# 2x 24" 1920x1080 oder 1x 27" 2560x1440?



## Jor-El (10. Januar 2013)

Hallo zusammen.

Ich würde gerne meinen 27" Full-HD Monitor in Rente schicken und überlege aktuell was es werden soll.
Ansich wollte ich ja gerne einen mit 2560x1440 Auflösung kaufen. Meine GTX680 sollte damit umgehen können, zumal ich dank der Auflösung das AA bisschen runterschrauben könnte.

Meine neueste Idee ist nun, mir statt dessen zwei kleinere mit Full-HD zu kaufen, wobei ich aber immer nur auf einem Monitor zocken würde. Der Zweite wäre dann für parallele Anwendungen, wie z.B.
Teamspeak, Browser, Musik-/Videoplayer usw. 
Für das Multimonitoring wäre ich sogar bereit mir W8 zu kaufen, weil dort die Unterstützung dafür wohl besser sein soll. Keine Ahnung wo da genau. Müsste ich mich halt genauer informieren.
Spielen auf zwei Monitore fällt definitiv flach. Ich mag die Bildunterbrechung mittig dank der Rahmen nicht.

_Edit: Ok, Spiele wären ok, falls es Zusatzinfos gäbe. Bei Supreme Commander z.B. konnte man auf dem Zweitmonitor sich die Karte anzeigen lassen. So konnte ich damals auch mal reinzoomen um die Animationen zu bewundern.  Gibt es solche sinnvollen Unterstützungen von Zweitmonitore in Spielen noch?
_
Finanziell käme beides auf das Selbe raus.

Wohin würdet ihr tendieren bzw. welche Vorteile/Nachteile seht ihr?


----------



## the.hai (10. Januar 2013)

Wenn multimonitoring, dann behalte den 27er und leg dir nur nen zweiten zu.

wenn es nur ums zocken geht, dann nur einen besseren 27er^^

Multi monitore ist eine sucht, ich hatte auch mal mit zwei angefangen und bin jetzte bei 4^^


----------



## Jor-El (10. Januar 2013)

Gleich vier? Wow.
Nutzt du die nur zum zocken und unter welchem OS, w7 oder w8?


----------



## El-Pucki (10. Januar 2013)

4 Monitore? Zeig dochmal bitte ein Bild


----------



## the.hai (10. Januar 2013)

Win7 Ultimate + UltraMon (das MM Tool schlechthin)

Zocken tu ich meist nur auf einem, bzw Jetfliegen in BF3 mal auf drei.
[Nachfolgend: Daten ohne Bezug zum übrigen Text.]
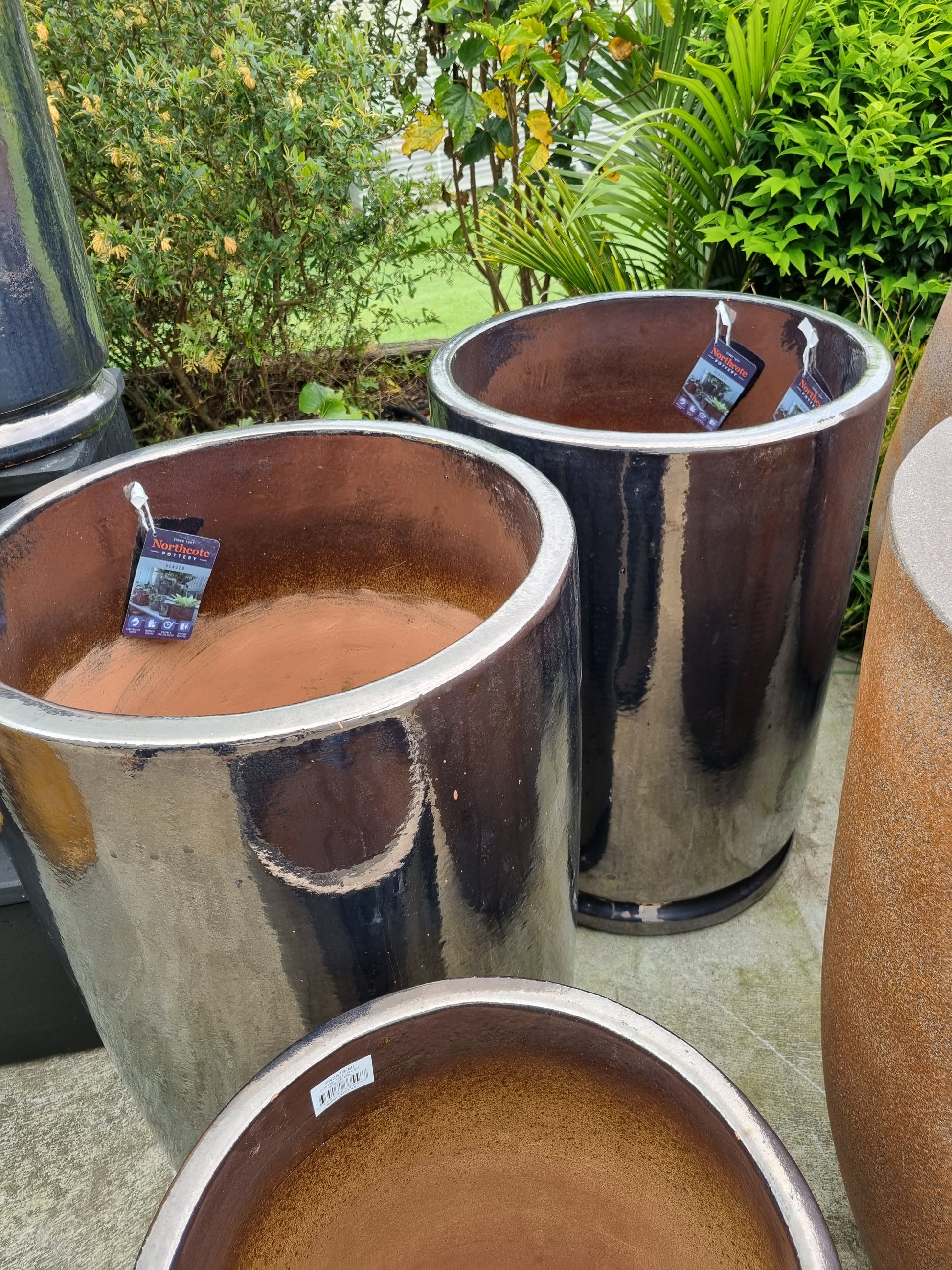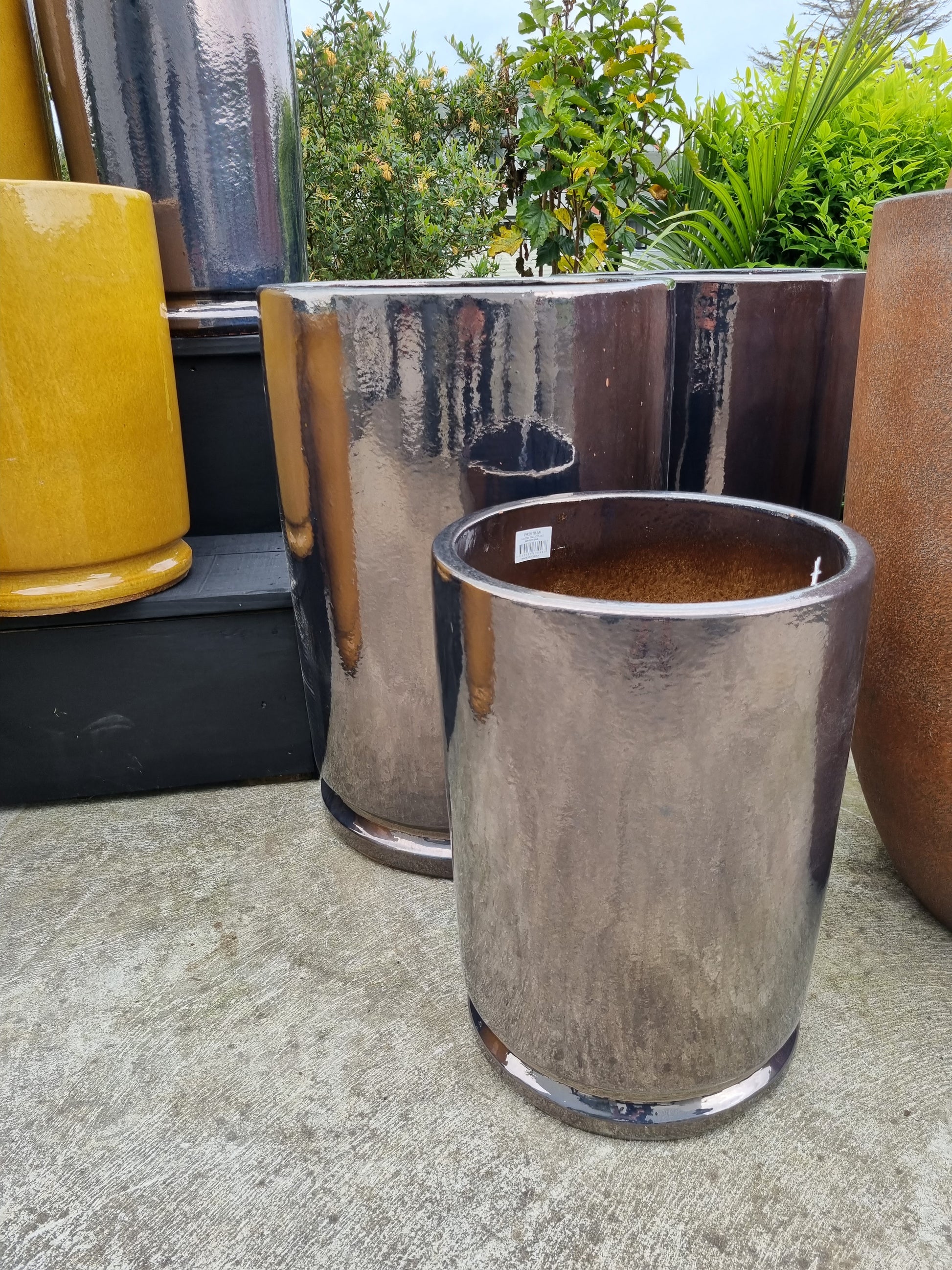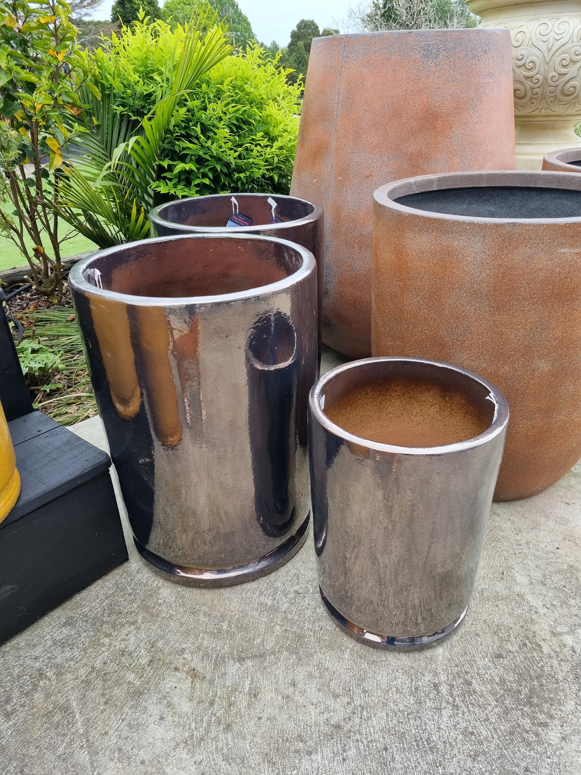 Bring a pop of personality to your garden or home with these stunning terracotta cylinder pots, finished in a rich silver/black mirror glaze. Their tall, elegant shape is complemented by a subtle rim at the base, giving the illusion of a petite built-in pedestal — a clever touch of design flair. The result? A perfect blend of modern sophistication and earthy charm.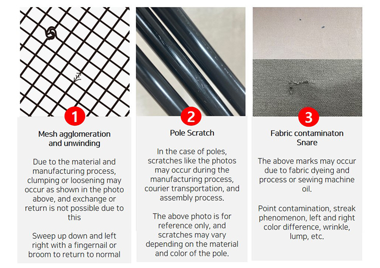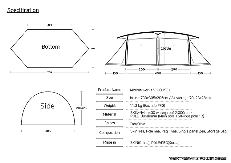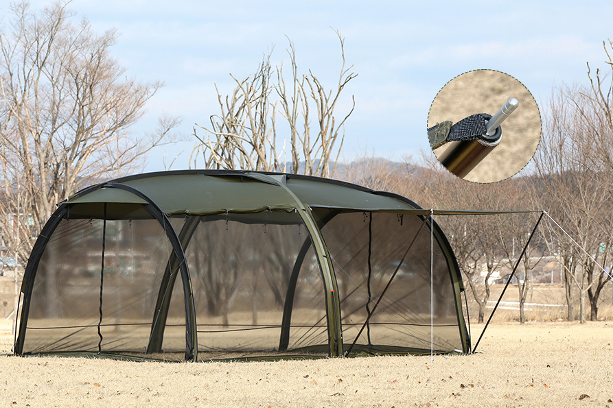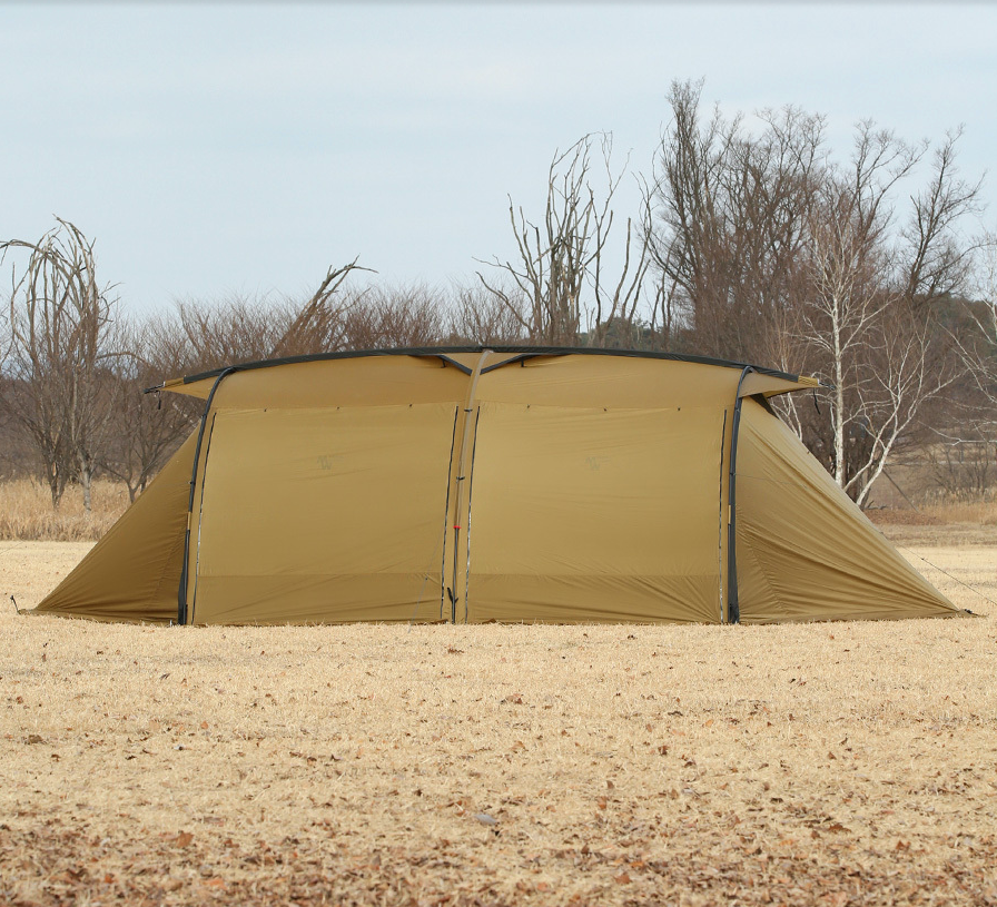 V House L 的營柱為 3 根直徑 16cm 的主支撐桿和 1 根直徑 13 公分的脊桿所構成,採用硬鋁材料,輕巧強韌,具備相當出色的耐用性和耐磨性。硬鋁本身是飛機的主要零件,抵抗衝擊時變形度小,彈性佳,具良好的緩衝效果。強度與剛才相同,但重量僅其 1/3 的超輕材料。在韓國製造的營柱為啞光設計。我們希望減少因陽極氧化表面處理過程中所使用或產生的有害物質,並使用對自然環境友好的材料創造生態有好的生態環境。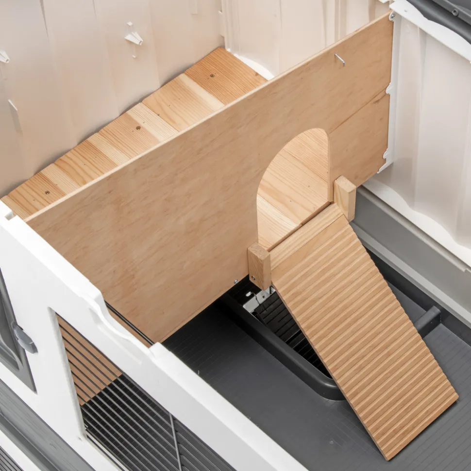 Au premier étage, vous trouverez un espace idéal pour le repos diurne, avec un grand tiroir à remplir d’épis ou de litière. De cet étage, il est possible d’accéder à la maison des lapins via une échelle, équipée d’une porte qui peut être ouverte de l’extérieur pour une inspection rapide.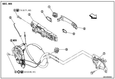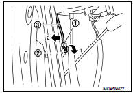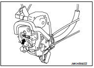4. Remove outside handle bracket. Refer to DLK-590, "OUTSIDE HANDLE : Removal and Installation".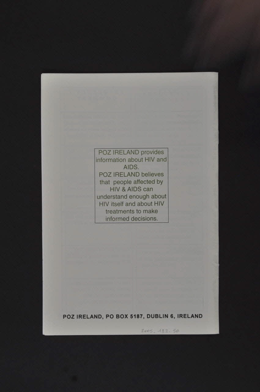POZ IRELAND provides information about HIV and AIDS. // POZ IRELAND believes that people affected by HIV&AIDS can understand enought about HIV itself and about HIV treatments to make informed decisions. (Imprimé en capitales vertes dans un encadré carré au centre), versoSlogan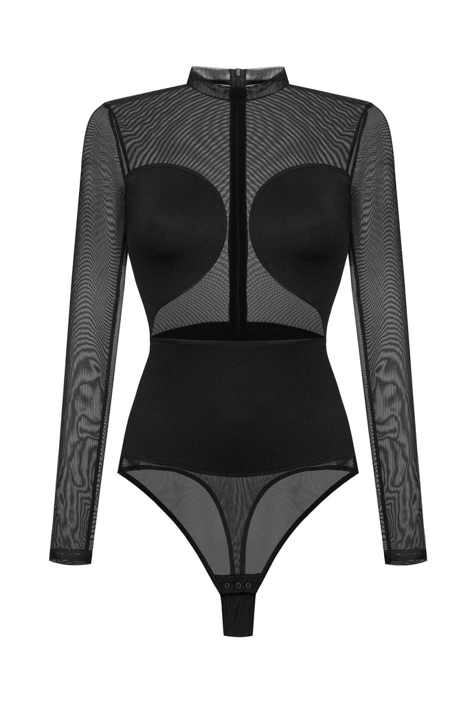 - Bodysuit made of combined fabrics with a low-cut turtleneck.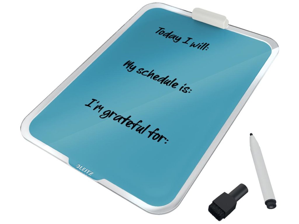 Značková kolekcia Leitz Cosy vám umožní cítiť sa ako doma, nech už vás váš pracovný deň zavedie kamkoľvek. Vďaka minimalistickému dizajnu a príjemným farbám môžete svojmu pracovnému priestoru pridať štýl a farbu. Stolný sklenený flipchart Leitz Cosy je unikátny nástroj na opakované písanie poznámok, suchým popisovačom jednoducho napíšete dôležité informácie, kedykoľvek ho utriete a môžete písať znova. Táto prémiová magnetická sklenená tabuľa je perfektným doplnkom vášho domova alebo kancelárie. Pamätá si za vás, pomôže vám pracovať efektívne celý deň. Rozmery 216 x 30 x 297. Farba modrá.Dodatočné parametre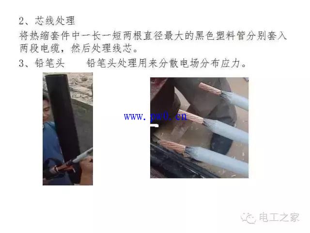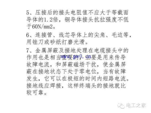 1)制作电缆头(端头和接头)时,电缆头导线终端不作铅笔头。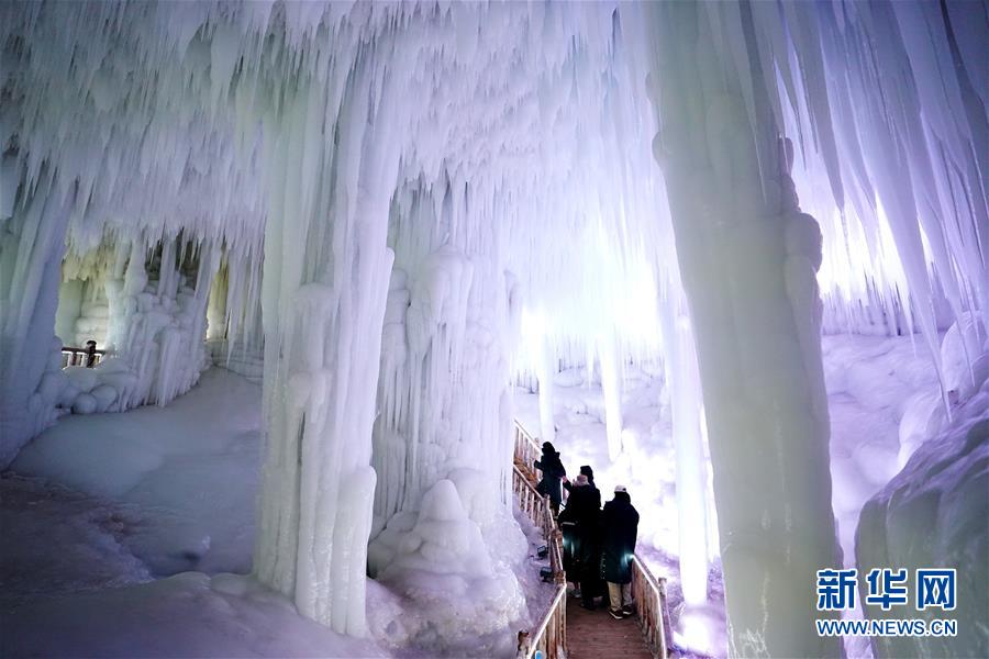 7月5日,游客在云丘山1号冰洞参观。 位于山西省乡宁县的云丘山冰洞群,四壁皆冰,常年不化。目前开放的1号冰洞总长100余米,最宽处约12米,最高处约15米。洞中的冰笋、冰柱、冰瀑晶莹剔透,在灯光的照射下呈现出梦幻般的景象。 新华社记者 詹彦 摄

Ansonsten isses meist so, dass links FB offen ist, rechts Outlook und in den beiden in der Mitte das "Tagesgeschäft".

So in etwa siehts auch immernoch aus:




			Dieser Inhalt steht nur eingeloggten Mitgliedern zur Verfügung.
        




			Dieser Inhalt steht nur eingeloggten Mitgliedern zur Verfügung.


----------



## El-Pucki (10. Januar 2013)

Jor-El, was gefällt Dir an deinem 27 zöller nichtmehr?
Welchen hast du jetzt?


----------



## Jor-El (10. Januar 2013)

Ich hab den Iiyama ProLite B2712HDS bei mir stehen. Ich bin ansich aus sehr zufrieden mit ihm.
Ich will halt meine Graka besser ausnutzen, daher meine Überlegung.


----------



## mr.4EvEr (10. Januar 2013)

Also ich würde den jetzigen Monitor behalten u. mir nen WQHD Monitor a la U2713HM kaufen (oder nen Koreansichen Monitor  ).
Denn Multimonitoring würde mit 3 "kleinen" Monitoren meines Erachtens nur Sinn machen, wenn du alle drei zum Zocken nutzt u. in BF3, Crysis oder Far Cry 3 wirst du dann die Settings deutlich runterschrauben müssen (da wäre ne HD7970 die bessere Investition gewesen).
Zu WQHD u. deinem jetzigen Monitor: Anscheinend gibt es die Seltenheit, dass manche Menschen bei unterschiedlichen Pixeldichten Kopfschmerzen bekommen, wie viele davon betrofffen sind, weiß ich nicht


----------



## Jor-El (10. Januar 2013)

Leider habe ich nur einen 08/15 Schreibtisch, daher wären zwei 27"er etwas überladen.
Ich hab auch geplant den Iiyama dann an meine Frau oder Sohn zu "vererben".

Gut, beim the.hai sieht das schon imposant aus aber extra nen Monitor nur für Outlook wäre dann doch nichts für mich bzw. für meine Frau. 
Schon witzig, den U2713HM habe ich tatsächlich schon im Warenkorb. 

Wird dann wohl doch ein WQHD, zumal ich notfalls bei Spielen in den Window-Mode gehen kann um zusätzliches Infos zu sehen und selbst zwei Dokumente gleichzeitig anzeigen lassen geht mit der Auflösung.
Selbst für meine Flusi bräuchte ich Multi-Monitore nicht, da ich meinen TrackIR regelmäßig nutze.

Hatte gedacht, dass es vllt. richtig gute Argumente für Multi-Monitore gibt, vorallem da ja viel Werbung mit nView, Eyefinity oder der starken W8 Unterstützung dafür zu sehen war.

Vielen Dank an euch.


----------



## El-Pucki (10. Januar 2013)

Ich weiß nicht wie gut der Unterschied zwischen 1920x1080 und 2560x1440 in den Games zu sehen ist, aber ich würde auch eher sagen kauf dir den neuen 27" Monitor.


----------



## Jor-El (11. Januar 2013)

Ich hab mal ein Vergleichsbild in der Print von PCGH gesehen. Glaub das war ein vergrößerter Ausschnitt von Anno 2070.
Sah man schon einen Unterschied.

Aber ok, Bestellung ist jetzt raus. Ich werd´s sehen, oder auch nicht.


----------